PROVIDED DATA START

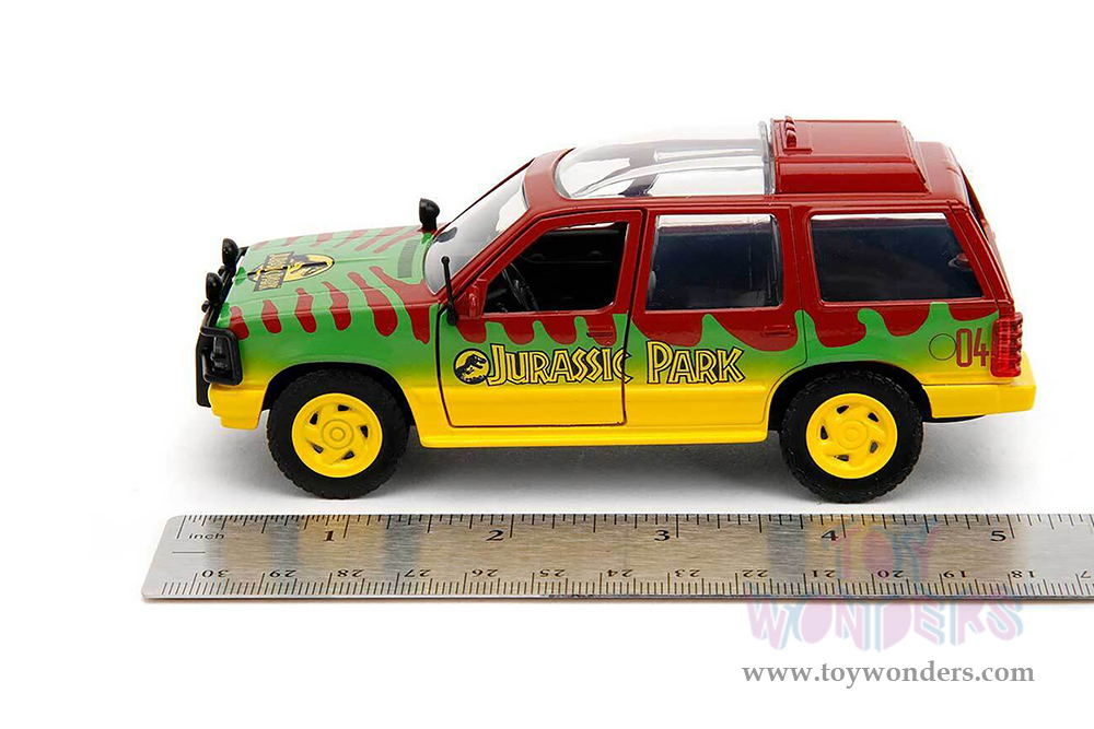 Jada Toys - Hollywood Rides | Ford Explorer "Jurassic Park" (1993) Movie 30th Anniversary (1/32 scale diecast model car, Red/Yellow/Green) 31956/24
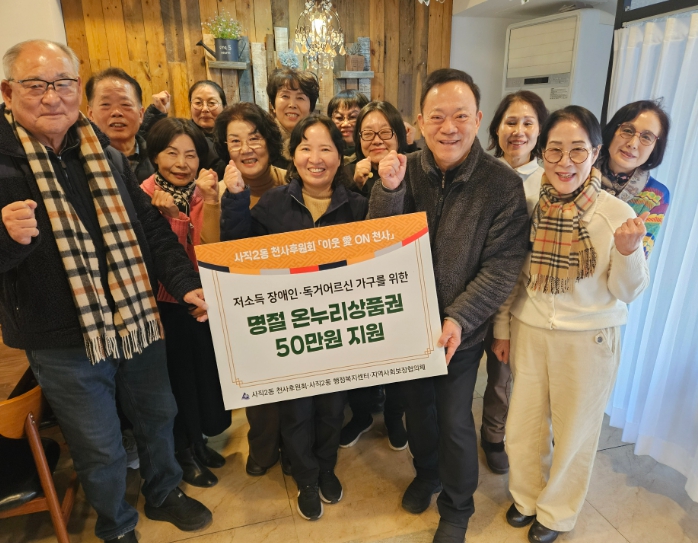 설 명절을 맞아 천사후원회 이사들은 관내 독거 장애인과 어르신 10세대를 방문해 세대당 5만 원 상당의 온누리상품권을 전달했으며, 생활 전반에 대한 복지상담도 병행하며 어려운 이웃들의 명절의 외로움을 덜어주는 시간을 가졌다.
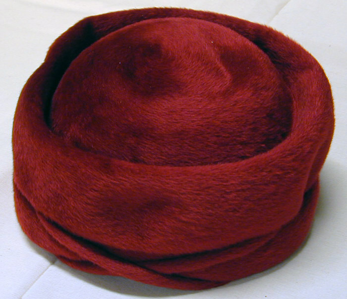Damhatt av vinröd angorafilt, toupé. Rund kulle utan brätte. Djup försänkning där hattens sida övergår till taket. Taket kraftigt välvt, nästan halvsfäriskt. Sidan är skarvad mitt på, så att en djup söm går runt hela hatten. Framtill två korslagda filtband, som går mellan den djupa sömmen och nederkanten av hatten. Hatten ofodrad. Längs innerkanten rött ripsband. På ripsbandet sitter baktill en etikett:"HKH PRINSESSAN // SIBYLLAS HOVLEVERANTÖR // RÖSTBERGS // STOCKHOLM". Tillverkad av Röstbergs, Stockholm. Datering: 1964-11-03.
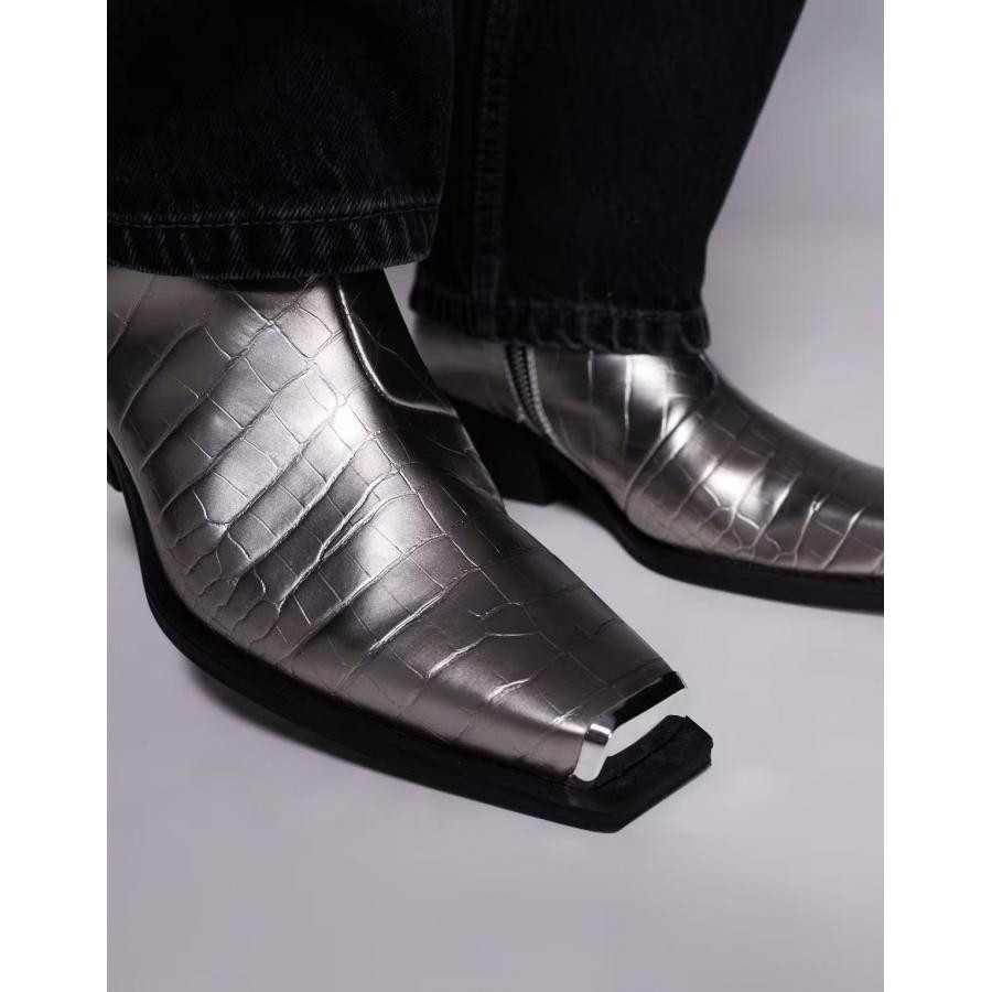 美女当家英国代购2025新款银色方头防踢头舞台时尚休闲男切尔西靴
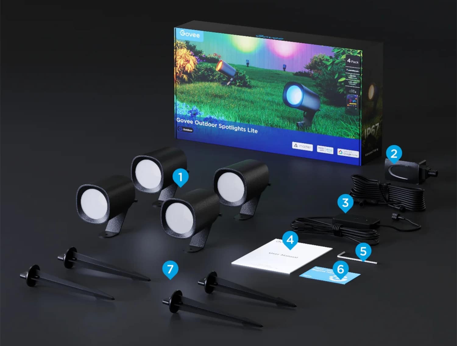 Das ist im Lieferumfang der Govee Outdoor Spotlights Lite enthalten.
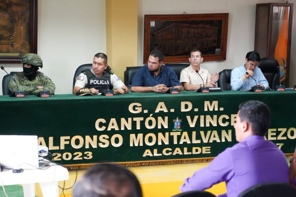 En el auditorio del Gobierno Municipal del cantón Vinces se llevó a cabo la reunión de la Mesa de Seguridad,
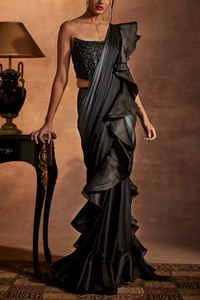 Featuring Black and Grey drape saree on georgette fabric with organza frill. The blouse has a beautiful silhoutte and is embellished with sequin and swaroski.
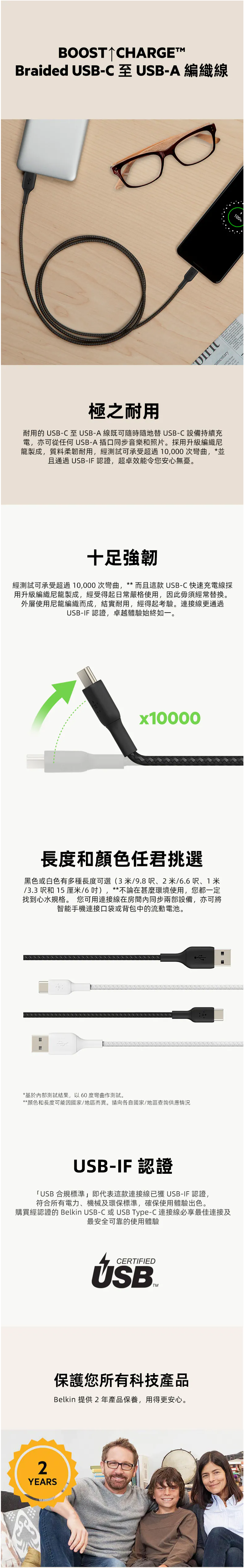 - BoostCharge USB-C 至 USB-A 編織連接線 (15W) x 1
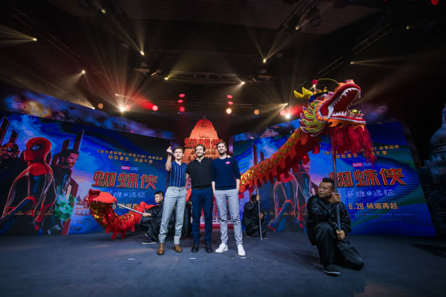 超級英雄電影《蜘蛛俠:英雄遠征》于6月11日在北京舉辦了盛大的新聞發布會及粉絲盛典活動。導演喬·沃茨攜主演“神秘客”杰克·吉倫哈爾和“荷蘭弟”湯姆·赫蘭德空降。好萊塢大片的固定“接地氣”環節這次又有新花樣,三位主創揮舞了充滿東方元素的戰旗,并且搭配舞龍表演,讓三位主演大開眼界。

PROVIDED DATA END

* [WHAT THE TASK ASKS]
Here the job is to copy the listing above word for word, starting at the line with "Das ist im Lieferumfang" and ending at the line with "- BoostCharge USB-C 至 USB-A 編織連接線 (15W) x 1", and to leave out the pictures.

* [OUTPUT OF THE TASK]
 Das ist im Lieferumfang der Govee Outdoor Spotlights Lite enthalten.
 En el auditorio del Gobierno Municipal del cantón Vinces se llevó a cabo la reunión de la Mesa de Seguridad,
 Featuring Black and Grey drape saree on georgette fabric with organza frill. The blouse has a beautiful silhoutte and is embellished with sequin and swaroski.
 - BoostCharge USB-C 至 USB-A 編織連接線 (15W) x 1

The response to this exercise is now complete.